Kepala Dinas Pariwisata Kabupaten Bantul, Kwintarto Heru Prabowo mengatakan, kondisi ekonomi pada saat ini menjadi alasannya urung menaikkan retribusi wisata pansela. Terlebih, diketahui saat ini kondisi inflasi di DIY mancapai lima persen.
“Dulu ada desain menaikkan retribusi. Lalu kita ada persiapan di perubahan Anggaran Pendapatan Belanja Daerah (APBD) tahun ini. Dari hasil kajian dan pencermatan, maka hampir dipastikan retribusi itu tidak layak naik,” ujarnya saat dihubungi Rabu (7/9).
Diketahui sebelumnya, pihaknya akan menaikkan tarif retribusi pansela dengan kenaikan antara Rp 5 ribu per tiket, sehingga dari harga Rp 10 ribu menjadi Rp 15 ribu. Namun, ia khawatir jika kebijakan tersebut diberlakukan, akan berpengaruh kepada minat dan jumlah kunjungan wisatawan di Bumi Projotamansari.

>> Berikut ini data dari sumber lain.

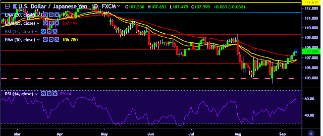 - It made intraday high at 107.63 and low at 107.47 levels.
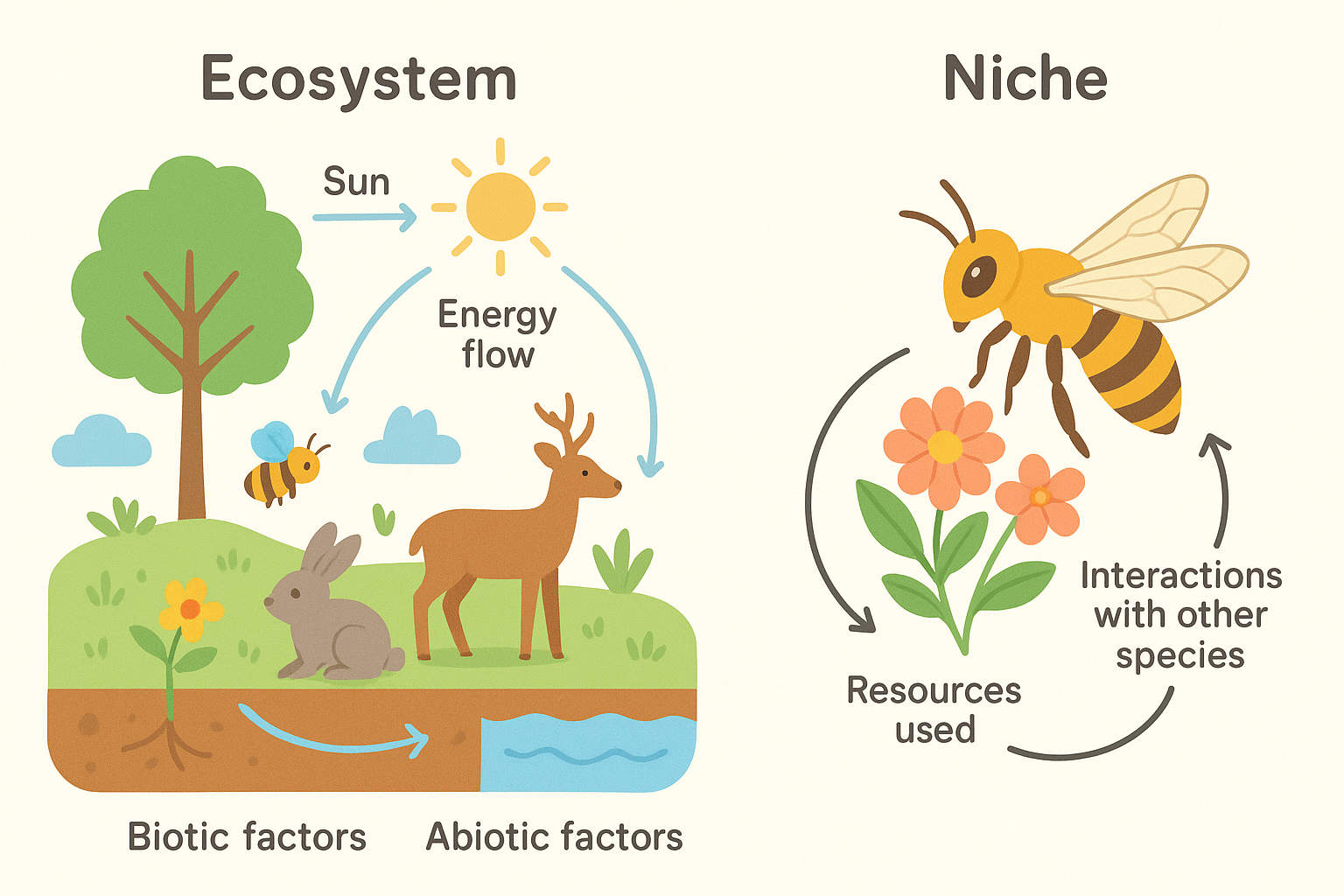| Niche | Role/function of a species in ecosystem | Bee pollination role |
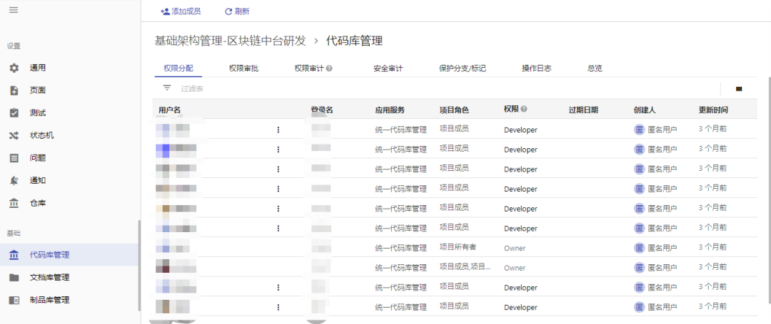 权限分配功能支持查看和分配团队成员的代码库权限;
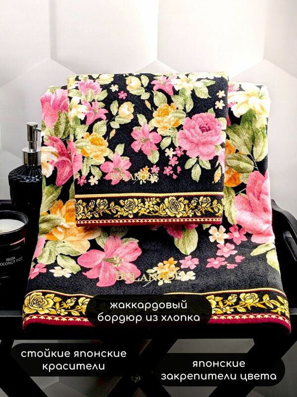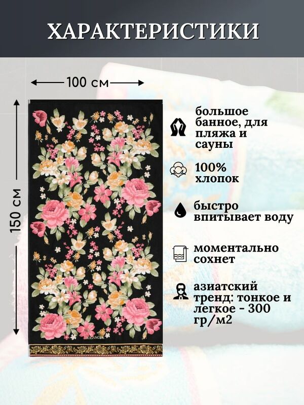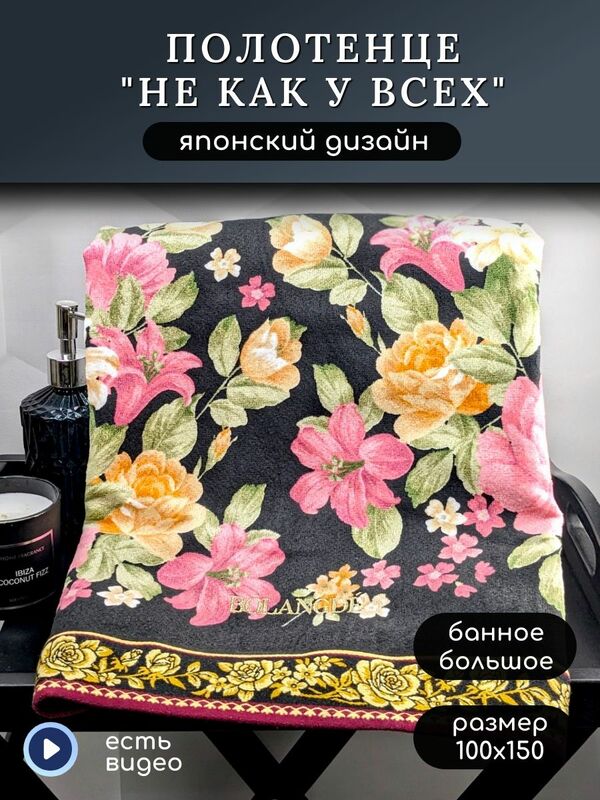 BOLANGDE Полотенце Япония Пионы 100х150 сауна черный

“Masukan dari tenaga ahli pariwisata yang menyampaikan kenaikan retribusi di Bantul untuk ditinjau. Karena tidak ada pantai yang lebih tinggi dari Rp 10 ribu di Daerah Istimewa Yogyakarta (DIY),” imbuhnya.
Menurutnya, dengan kondisi saat ini dimana pemerintah menaikkan harga BBM akan memberi dampak pula pada kenaikan harga-harga lainnya. Seperti jasa transportasi, hotel, biaya produksi dan lain sebagainya.
“Kondisi saat ini pemerintah menaikkan harga BBM hampir dipastikan akan ada kenaikan harga-harga lain. Termasuk tiket pariwisata, kemungkinan jasa transportasi naik, hotel, biaya produksi entah itu souvenir atau apa, akomodasi juga,” paparnya.
Oleh karenanya, dengan terjadinya hal tersebut ia berharap target Pendapatan Asli Daerah (PAD) dapat diturunkan. Dimana pihaknya mentargetkan PAD sebesar 32 Miliar pada tahun ini.
“Target PAD ini kendalanya kalau tidak stabil, tetapi kalau tidak tercapai tidak apa-apa bagi saya. Karena saya lebih menyelamatkan kunjungan wisatawan. Dengan tetap banyaknya kunjungan wisatawan, maka ekonomi masyarakat juga akan terus meningkat,” jelasnya. (ers/bid)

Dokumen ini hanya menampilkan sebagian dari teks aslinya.